The missing custodians
In the aforementioned interview, Saul states that:
when you have power, the most important responsibility is not to do damage to the thing you are in charge of.
And, talking further of Thomas Jefferson's approach to political responsibility and leadership,
a non-solution oriented approach … a doubt approach.
But managerialism feeds the managerial ego -- that they, the so-needed managers, are the problem solvers. Conversely, if and when people act otherwise than as managerially convenient, such people are not-acceping-management-problems to which more management (i.e. more of the heroic problem-solving managers and more of their problem-solving managerial power) is the solution.

Even worse, such managers are not custodians of anything except their own egos. History doesn't count because legacy is not a solution to input-output problems. If your only tool is a hammer, everything starts looking like a nail; and if your only role is to "manage", everything starts looking like your sort of management problem.

Now, having an intelligentsia in love with the idea of their own subversiveness leaves one open to such un-anchored-in-anything-but-ego "problem-solving". Not least because being "subversive" has to be good because our legacies are clearly a mass of problems. All connected to the disastrous notion of modernism -- that the new is always better. The cult of subversion and the cult of managerialism feed off each other nicely.

While it is true that oppression, privilege, power and exploitation are part of the selection processes of history, it also true that learning what works is part of the selection processes of history -- and what works with actual people, not pawns in input-output problems. So, while there is a rich irony in universities being such hothouses for the managerialist disease, it is not one for complacent satisfaction. Universities matter.

It has also not been helpful that the academics main direct experience of "economic reform" has been such managerialism. It provides a quite distorted perspective of the wider phenomenon of economic liberalisation.
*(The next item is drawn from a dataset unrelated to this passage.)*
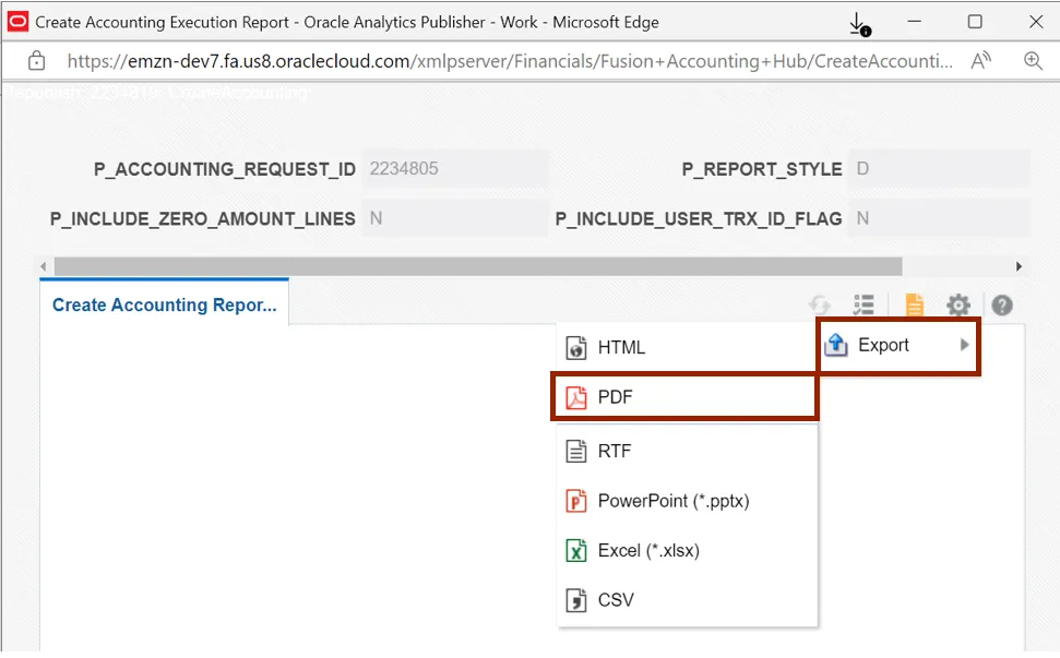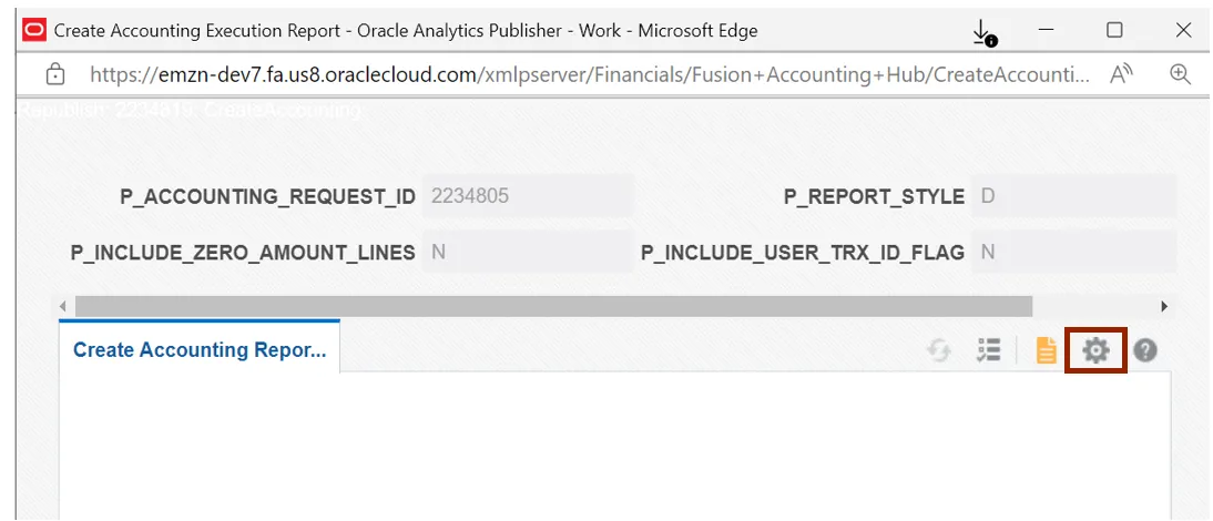 Step 14.    Create Accounting Execution Report page is displayed. Click the Action icon.

Which no doubt helped the academic success of Michael Pusey's fairly asinine book on "economic rationalism". The notion that the glue of the economic reform policy alliance was to create a sustainable welfare state just passes the analysis, and those who buy into it, by.

But the problems of managerialism extend much wider than distorting the perspectives of academics on a wave global policy reform. The input-output language of "clients", "customers", etc has invaded the realm of education (and public service generally) without actually providing a service anywhere up to the pretensions of its managers.

So, there needs to be more calling out of managerialism for what it is -- a distortion of understanding of people, organisations and institutions which serves the managerialist ego, income and empire-building but not the institutions upon which it is inflicted nor the wider societies, whose legacies are being corrupted and, in the end, profoundly mis-managed.

ADDENDA Managerialism is not only a problem at Australian universities, it also infects US higher education:
Over the last 25 years the number of administrative employees at U.S. colleges and universities more than doubled, according to a joint study by the New England Center of Investigative Reporting and the American Institutes for Research. The ratio of nonacademic positions to faculty positions doubled at both public and private institutions. Overall, the industry has added an average of 87 administrative positions per day, a rate has scarcely slowed since the economic downturn, despite tuition increases.